→ **Directions for this task**:
Only the lines below from the one that contains "Prompt: simple cute" through the one that contains "A bolsa compacta" should appear in your answer, exact and without pictures.

→ **Information given**:
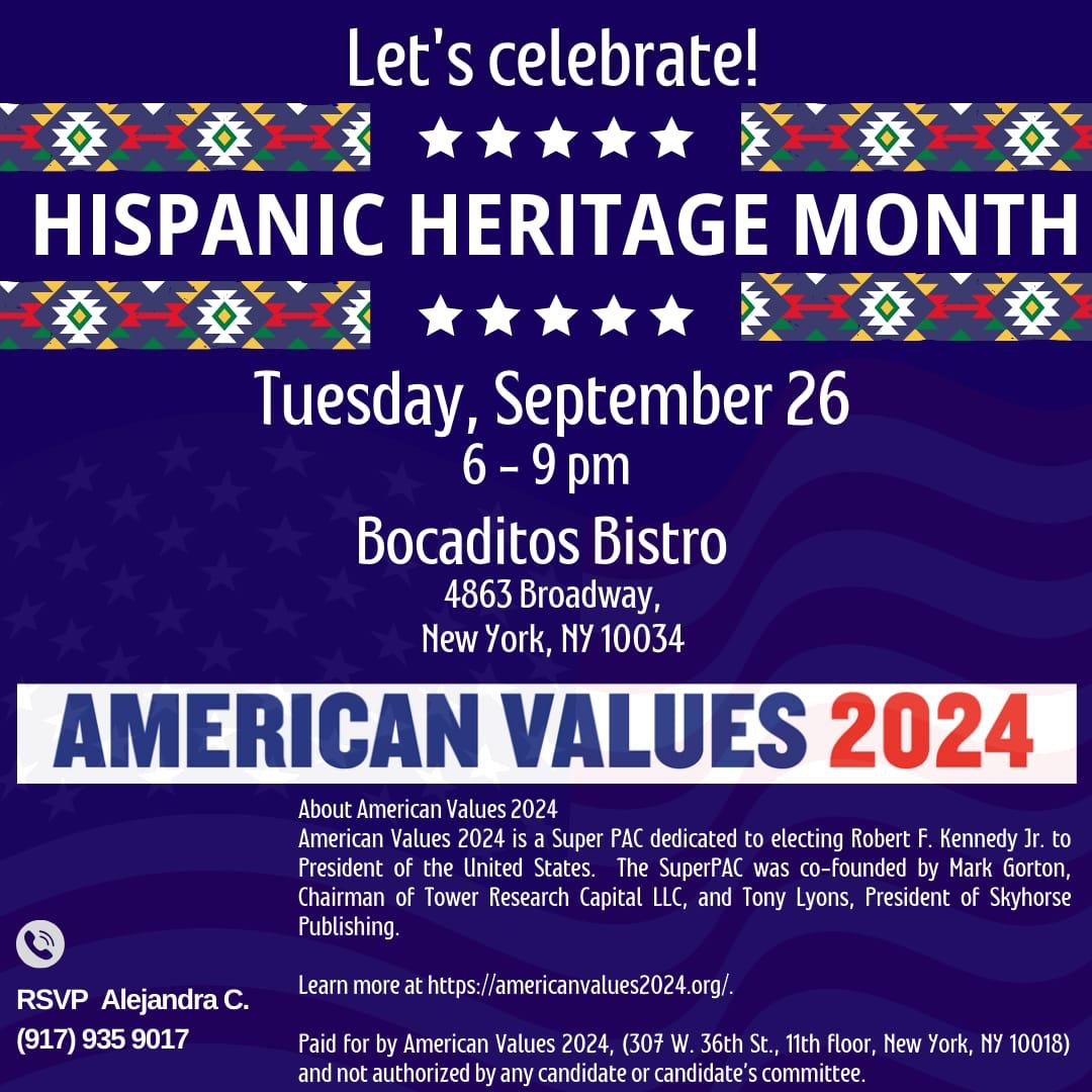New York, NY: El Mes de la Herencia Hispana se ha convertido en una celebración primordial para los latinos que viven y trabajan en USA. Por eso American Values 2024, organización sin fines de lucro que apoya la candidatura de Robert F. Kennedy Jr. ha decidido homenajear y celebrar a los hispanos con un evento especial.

* * *

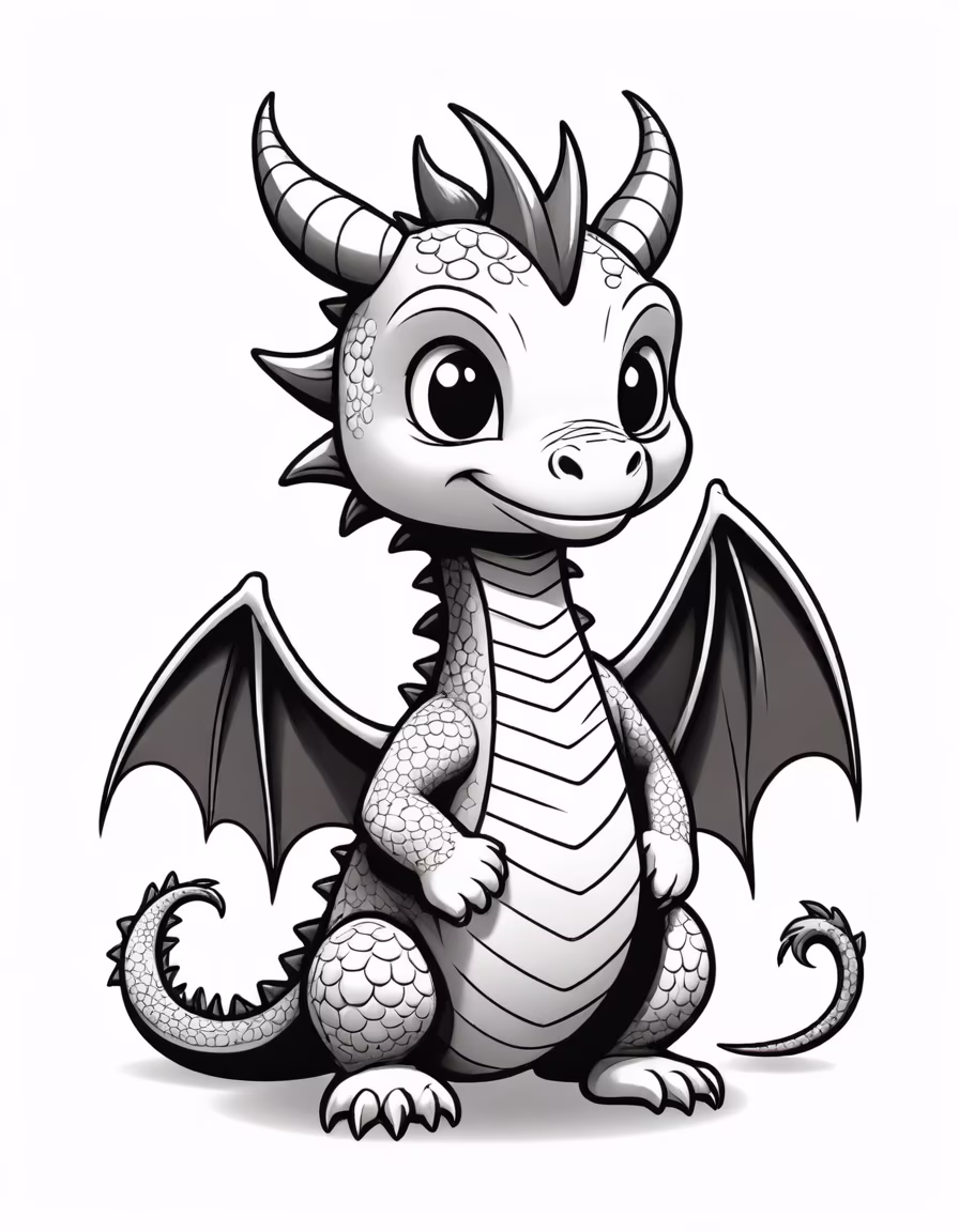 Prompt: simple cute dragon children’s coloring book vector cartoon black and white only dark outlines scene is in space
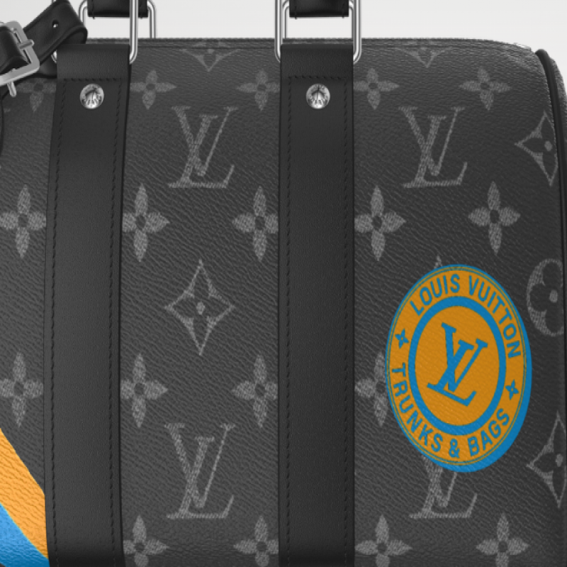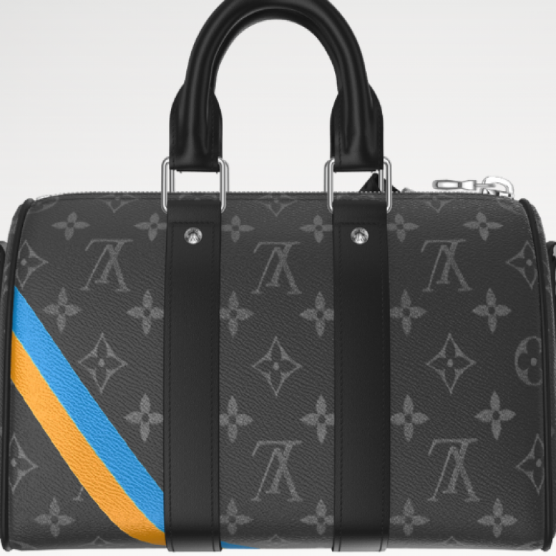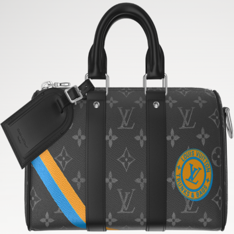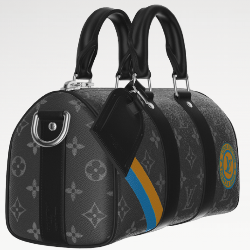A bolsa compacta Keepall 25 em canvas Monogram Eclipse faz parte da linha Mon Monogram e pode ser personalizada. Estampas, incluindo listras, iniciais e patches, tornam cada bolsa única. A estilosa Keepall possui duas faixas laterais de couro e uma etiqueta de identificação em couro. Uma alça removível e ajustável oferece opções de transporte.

→ **Task response**:
 Prompt: simple cute dragon children’s coloring book vector cartoon black and white only dark outlines scene is in space
A bolsa compacta Keepall 25 em canvas Monogram Eclipse faz parte da linha Mon Monogram e pode ser personalizada. Estampas, incluindo listras, iniciais e patches, tornam cada bolsa única. A estilosa Keepall possui duas faixas laterais de couro e uma etiqueta de identificação em couro. Uma alça removível e ajustável oferece opções de transporte.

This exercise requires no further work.